Linda, we'll begin with you. You're in Denver. The Denver Post, you know, says I'm a Nazi now or something like that. I mean, what is this all about?

LINDA CHAVEZ, FOX NEWS ANALYST: Well, Bill, you know there are extreme views on both sides of this issue. And I have to tell you, if you could read some of my hate mail, I think it would make you blush. I'm constantly being told to take my "mestizo behind" back to Mexico. Well, last time I checked, my ancestors came from Spain, England, and Ireland. I didn't know that constituted a "mestizo."

O'REILLY: What did the — all right, I'm interested in this, because I want to be fair. You — your point is what? What has raised anger against you?

CHAVEZ: Well, because I, like you, Bill, think it's extremely important to secure our borders. I don't think that we can secure our borders until we come up with a policy that also includes bringing into this country the number of workers that we need here.

I mean, you've been touting on the FOX News Channel in just the last couple of days there were 211,000 new jobs created in the month of March, there's 4.7 percent unemployment. We need more workers in the United States. We need to create a viable system for more people to come here, like your ancestors did from Ireland.


CHAVEZ: ...and mine as well from Ireland.

O'REILLY: Well, let's do the math here before we get to Michelle. You got 12 million people in the country right now, perhaps more. They will, most of them, before this debate is over, get a path to legalization, which will include bringing their relatives from abroad here, Linda.

That in my mind in the next five years will mean 25 million, primarily Hispanic, new people in the USA. That's not enough? You need more?

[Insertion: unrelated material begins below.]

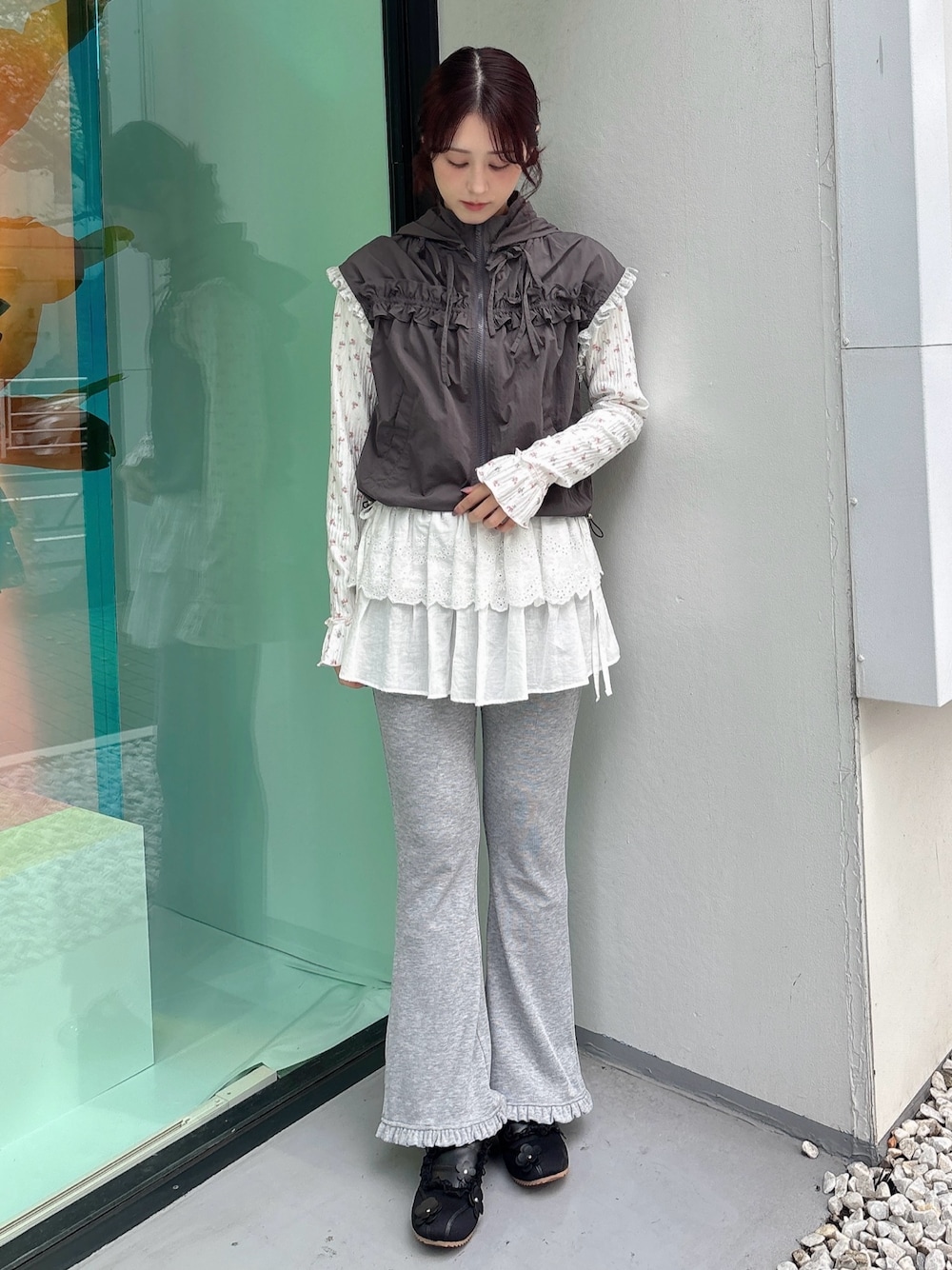 nanaka(merry jenny)のベスト「frill nylon jacket」を使ったコーディネート

CHAVEZ: Well, first of all, I don't think that your math is right. Many of the 6.5 million people who have been here more than five years actually already have their families here. So it's not a question of bringing them.

And if we create a guest worker program, Bill, frankly, a lot of the Mexican and Central American men would like to come here, leave their families back at home if they could go home to visit them, if they could go home during holidays. They don't have a way of doing that now. If we give them a Green Card, and the ability to go home, many of them would in fact do so.

O'REILLY: Well, I don't object — as you know...

CHAVEZ: those who have that guest worker program do.

O'REILLY: I don't object.

CHAVEZ: So you and I are not that...

O'REILLY: I want...

CHAVEZ: ...that far apart.

O'REILLY: No, we're not, but I want to secure the border first. And so does Michelle, correct? Michelle?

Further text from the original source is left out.